LAGUNA HILLS, Calif.,
Oct. 14, 2019 /PRNewswire/ -- Despite
living with Parkinson's disease and undergoing surgical procedures
to clear blocked arteries, Harold (Hal)
Greenberg, 81, keeps busy with show dogs he breeds and
raises.
"When I have challenges with my health, the first thing I think
about is my dogs – what would happen to them? Luckily, I've always
had top doctors at Saddleback who are up on the latest procedures.

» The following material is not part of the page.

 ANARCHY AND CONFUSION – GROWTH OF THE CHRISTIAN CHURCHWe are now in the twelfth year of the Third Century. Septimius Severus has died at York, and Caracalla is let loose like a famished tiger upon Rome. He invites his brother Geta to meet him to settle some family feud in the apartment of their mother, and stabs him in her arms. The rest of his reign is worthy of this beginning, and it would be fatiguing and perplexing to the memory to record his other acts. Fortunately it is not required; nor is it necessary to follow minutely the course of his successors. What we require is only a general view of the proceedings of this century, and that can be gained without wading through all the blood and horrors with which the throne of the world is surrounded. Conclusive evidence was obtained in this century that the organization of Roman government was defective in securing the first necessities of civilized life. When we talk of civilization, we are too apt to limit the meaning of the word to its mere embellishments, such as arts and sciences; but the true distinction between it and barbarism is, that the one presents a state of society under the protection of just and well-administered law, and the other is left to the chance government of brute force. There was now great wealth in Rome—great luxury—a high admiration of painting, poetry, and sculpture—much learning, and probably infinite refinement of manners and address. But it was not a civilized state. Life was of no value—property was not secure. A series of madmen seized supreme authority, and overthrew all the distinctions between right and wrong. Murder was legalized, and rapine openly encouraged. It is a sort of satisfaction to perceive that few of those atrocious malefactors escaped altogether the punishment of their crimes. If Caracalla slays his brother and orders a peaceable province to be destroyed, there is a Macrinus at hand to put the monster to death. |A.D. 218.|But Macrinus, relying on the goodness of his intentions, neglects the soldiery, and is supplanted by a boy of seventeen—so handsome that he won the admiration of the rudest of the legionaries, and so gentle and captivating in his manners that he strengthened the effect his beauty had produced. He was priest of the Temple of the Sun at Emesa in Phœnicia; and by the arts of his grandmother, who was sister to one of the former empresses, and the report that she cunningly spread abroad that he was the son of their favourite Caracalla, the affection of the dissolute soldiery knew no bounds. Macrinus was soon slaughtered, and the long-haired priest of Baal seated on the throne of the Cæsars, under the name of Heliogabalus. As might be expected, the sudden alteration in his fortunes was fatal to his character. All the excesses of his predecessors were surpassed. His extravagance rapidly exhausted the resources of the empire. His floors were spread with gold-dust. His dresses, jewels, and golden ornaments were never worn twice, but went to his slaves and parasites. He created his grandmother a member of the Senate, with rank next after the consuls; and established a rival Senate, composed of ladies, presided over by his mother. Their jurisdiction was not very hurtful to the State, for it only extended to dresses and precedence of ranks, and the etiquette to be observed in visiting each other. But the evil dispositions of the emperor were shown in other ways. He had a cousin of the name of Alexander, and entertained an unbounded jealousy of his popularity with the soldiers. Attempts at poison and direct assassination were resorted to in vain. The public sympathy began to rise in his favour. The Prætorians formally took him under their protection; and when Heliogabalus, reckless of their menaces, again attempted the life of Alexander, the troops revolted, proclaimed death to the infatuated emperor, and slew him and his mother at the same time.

Everything's gone smooth as silk," says Hal, who had the
groundbreaking TCAR procedure at MemorialCare Saddleback Medical
Center.
As part of his treatment, cardiologist Margaret Rasouli, M.D, placed Hal on a blood
thinner that helps prevent stroke and heart attack. She ordered an
ultrasound of his carotid arteries that lie on either side of the
neck and extend from the aortic arch –just above the heart to the
base of the skull delivering oxygenated blood to the brain. If
blocked, a potentially life-threatening stroke may occur.

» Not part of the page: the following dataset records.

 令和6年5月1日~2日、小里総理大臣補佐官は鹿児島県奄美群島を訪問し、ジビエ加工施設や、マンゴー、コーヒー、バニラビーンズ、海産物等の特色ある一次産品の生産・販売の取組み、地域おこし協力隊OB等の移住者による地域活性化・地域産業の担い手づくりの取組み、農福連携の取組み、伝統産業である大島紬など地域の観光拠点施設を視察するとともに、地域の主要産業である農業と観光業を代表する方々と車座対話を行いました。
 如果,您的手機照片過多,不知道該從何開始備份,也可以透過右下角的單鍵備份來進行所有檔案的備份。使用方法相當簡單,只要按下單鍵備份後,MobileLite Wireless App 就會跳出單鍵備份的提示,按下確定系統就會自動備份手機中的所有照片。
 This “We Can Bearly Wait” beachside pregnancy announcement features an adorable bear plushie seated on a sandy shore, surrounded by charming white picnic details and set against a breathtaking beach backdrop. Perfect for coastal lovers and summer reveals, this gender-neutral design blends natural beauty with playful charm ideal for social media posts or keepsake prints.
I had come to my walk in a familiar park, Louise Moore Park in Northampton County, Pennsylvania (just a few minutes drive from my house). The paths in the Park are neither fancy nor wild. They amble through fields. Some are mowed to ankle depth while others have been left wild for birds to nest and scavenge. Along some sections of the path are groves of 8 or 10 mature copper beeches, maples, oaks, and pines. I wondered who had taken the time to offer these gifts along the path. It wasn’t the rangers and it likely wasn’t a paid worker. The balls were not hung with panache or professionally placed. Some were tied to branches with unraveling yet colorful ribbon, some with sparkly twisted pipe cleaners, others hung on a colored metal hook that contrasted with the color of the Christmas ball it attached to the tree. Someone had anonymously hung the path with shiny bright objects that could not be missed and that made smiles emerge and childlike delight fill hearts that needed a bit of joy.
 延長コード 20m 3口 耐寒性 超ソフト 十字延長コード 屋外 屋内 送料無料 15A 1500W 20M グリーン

The ultrasound showed substantial build-up of plaque (fatty
deposits) in the left carotid artery. As people age, blood vessels
become less flexible and thicker which can lead to a build-up of
plaque. Undermanaged conditions like obesity, diabetes, high blood
pressure, high blood fat levels, sleep apnea and tobacco use
contribute to the damage.
"When arteries develop plaque, there are multiple ways to manage
the problem," says vascular surgeon Wang
Teng, M.D., F.A.C.S., Saddleback Medical Center peripheral
vascular services medical director. "While the first line of
defense is blood-thinning medication, some cases require surgical
intervention."
With the gold standard of intervention, carotid endarterectomy
(CEA), surgeons access the carotid artery through a four to
seven-inch incision in the neck and remove plaque inside. While the
procedure itself carries a low stroke risk, it requires general
anesthesia, which can be too risky for some patients.

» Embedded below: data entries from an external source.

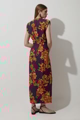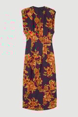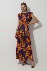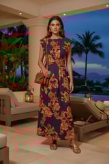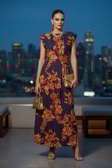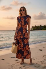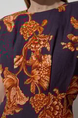 Navy Floral Linen-Blend Maxi Dress with Pintuck Waist
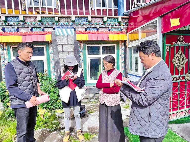 2023年9月26日,自治區(qū)人大代表歐珠(左一)在林芝市波密縣扎木鎮(zhèn)巴瓊村開展防止返貧監(jiān)測(cè)工作。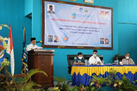 Pelantikan DPC Gradasi tersebut Mengusung Tema “Percepat Pemulihan Sektor Pariwisata dan UMKM Pasca Pandemi di Pesisir Barat Melalui Literasi Digital.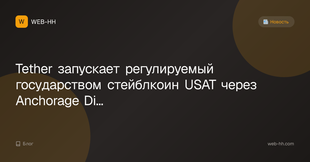 Новый стейблкоин USAT, выпущенный Tether и Anchorage Digital Bank, соответствует требованиям закона GENIUS и нацелен на институциональный спрос на цифровой доллар США.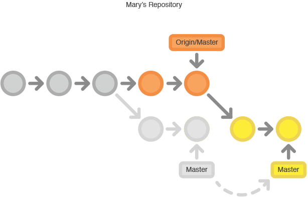 Git 命令我们就可以模拟出传统 Subversion 开发环境。对于要从 SVN 迁移过来的团队来说这太好了,但没有发挥出 Git 分布式本质的优势。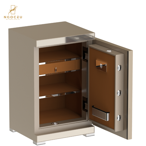 - Thiết kế chắc chắn, thông minh bên trong két: Ngăn chứa bí mật dưới cùng cho phép lưu trữ với không gian tương đối lớn không kém gì các ngăn phía trên.Các khay đựng đồ trang sức ở ngăn két trên được thiết kế tối ưu không gian, giúp lưu trữ và phân loại trang sức một cách tiện lợi. Nội thất ngăn két trên sử dụng chất liệu bọc da cao cấp đảm bảo các món đồ trang sức được nâng niu nhất.Bên cạnh đó két sắt còn thiết kế chân sạc cung cấp hệ thống điện cho két sắt phòng trường hợp hết pin.

An alternative is a minimally invasive balloon angioplasty and
stenting procedure. Using local anesthesia, a thin catheter with a
deflated balloon at the end is inserted through the femoral artery
near the groin and threaded up to the blockage in the neck. The
balloon is inflated, pressing the plaque against the inner walls of
the artery. A micromesh tube, or stent, is inserted to hold it in
place, ensuring the artery remains open. Though less invasive, it
can cause tiny pieces of plaque to break off and travel to the
brain, increasing stroke risk.
Dr. Teng opted for a new groundbreaking option, Trans Carotid
Artery Revascularization (TCAR).
With TCAR's 2018 FDA approval, Dr. Teng could offer Hal some
advantages of open surgery while performing the less-invasive
balloon angioplasty and stenting procedure.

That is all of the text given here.